Robust Reasoning Benchmark
Pavel Golikov, Evgenii Opryshko, Gennady Pekhimenko, Mark C. Jeffrey

TL;DR
The paper introduces the Robust Reasoning Benchmark (RRB) to evaluate LLMs' resilience to textual perturbations, revealing significant failure modes and proposing the need for explicit contextual resets for reliable reasoning.
Contribution
It presents a new benchmark with perturbations to test LLM robustness and uncovers failure modes like attention dilution affecting reasoning accuracy.
Findings
Frontier models are largely resilient to perturbations.
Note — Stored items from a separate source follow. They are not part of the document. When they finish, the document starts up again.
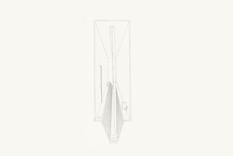 The drawings, which depict vertical interior spaces dug underground, are lighthearted design experiments that stemmed from ideas of acute raw material shortages halting the production of concrete, bricks and steel beams. Sidestepping the current phenomenon of ‘doomsday prepping’, the emergency preparation culture that prepares for the collapse of major Western societies in the near future, the series imagines the ultimate form of future luxury to be the ability to dig into the warmth of the deep Earth.
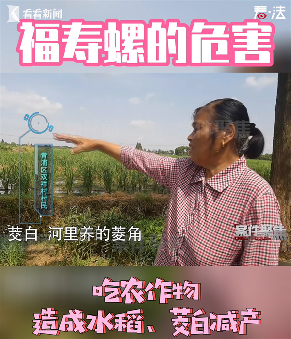 这种外来入侵物种就是福寿螺,原生长在南美洲,以前因被视为高蛋白食物于1981年引入国内养殖。然而人们很快发现,福寿螺在中国没有天敌,而且繁殖能力强,严重破坏湿地生态系统和农业生态系统。在金泽镇双祥村一处农田旁,农民告诉检察官,福寿螺会吃种在田里的禾苗,并且会把卵直接产在禾苗的根部。
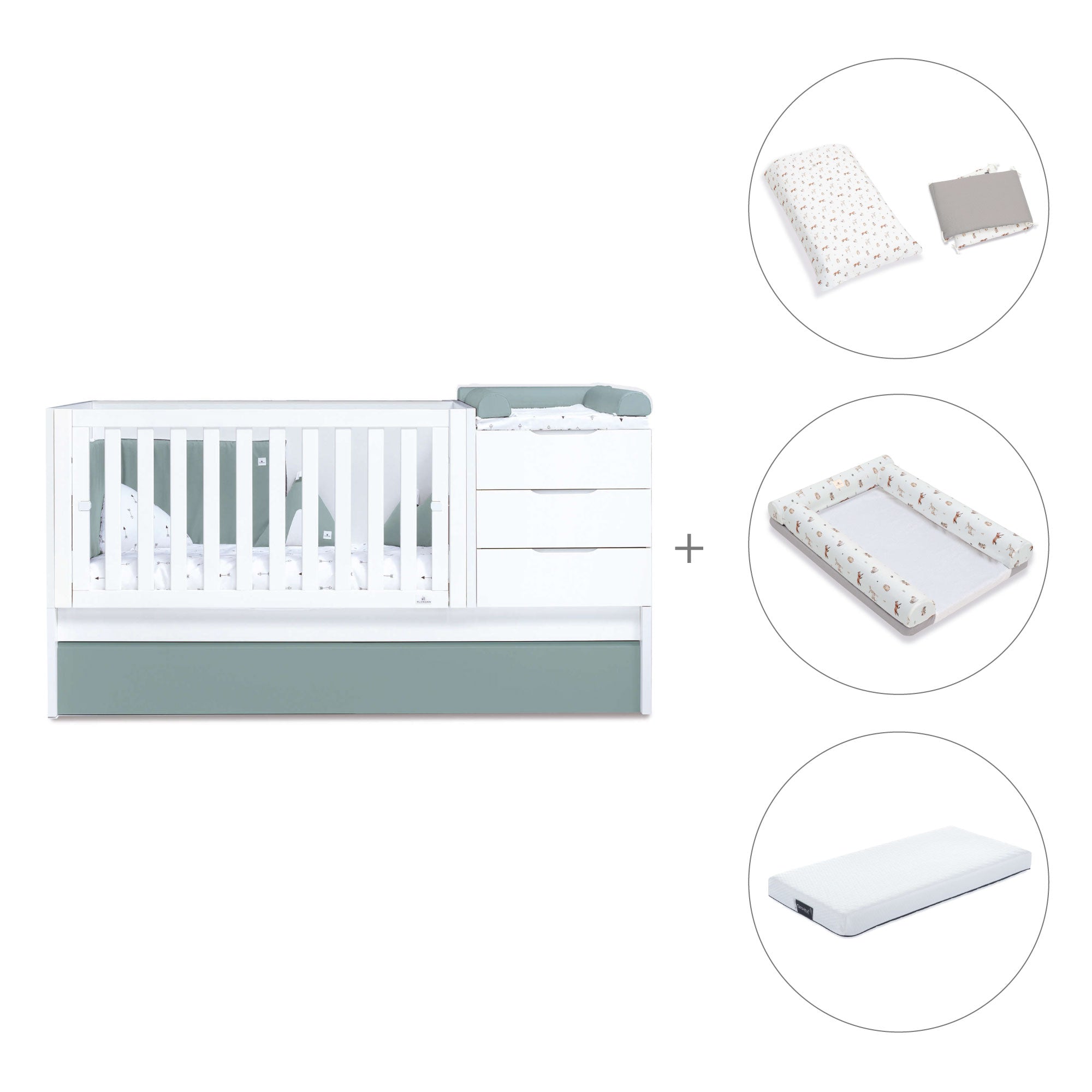 ¿Todavía no sabes lo que es una cuna convertible bebé? ¡No sabes lo que te pierdes! Este tipo de cunas para bebé se caracteriza por ser un mueble compacto todo en uno, con todo lo necesario para amueblar la habitación del bebé. En él tendrás: cuna de medidas 70x140 cm, zona cambiador (para cambiador de 60x90 cm), varias estanterías en el lateral y en la parte superior trasera, cajones y cama nido o cajones inferiores (a elegir). Es ideal para ahorrar en espacio y disponer de todo a mano. Tras su uso como cuna (de 0 a 3 años), la podrás desmontar y transformar es un bonito cuarto infantil-juvenil con una cama juvenil de 90x200 cm, mesita de 3 cajones, book estantería con ruedas y escritorio infantil. ¡Una solución de largo recorrido!

Claude model refuses many transformed prompts.
Up to 54% accuracy drops under structural noise.
Abstract
While Large Language Models (LLMs) achieve high performance on standard mathematical benchmarks, their problem-solving abilities depend on the context and textual formatting. We introduce the Robust Reasoning Benchmark (RRB), a pipeline of 13 deterministic textual perturbations applied to AIME 2024 and AIME 2025. Evaluating 8 state-of-the-art models, we find that frontier models are largely resilient, with the notable exception of Claude, which categorically refuses many transformed prompts. Open-weights reasoning models exhibit a range of failure modes under structural noise (cognitive thrashing, tokenization breakdown, and reasoning collapse), with up to 54% average accuracy drops across perturbations and up to 100% on some. We further study one of these failure modes in isolation: attention dilution caused by the model's own chain-of-thought. By tasking models with solving multiple…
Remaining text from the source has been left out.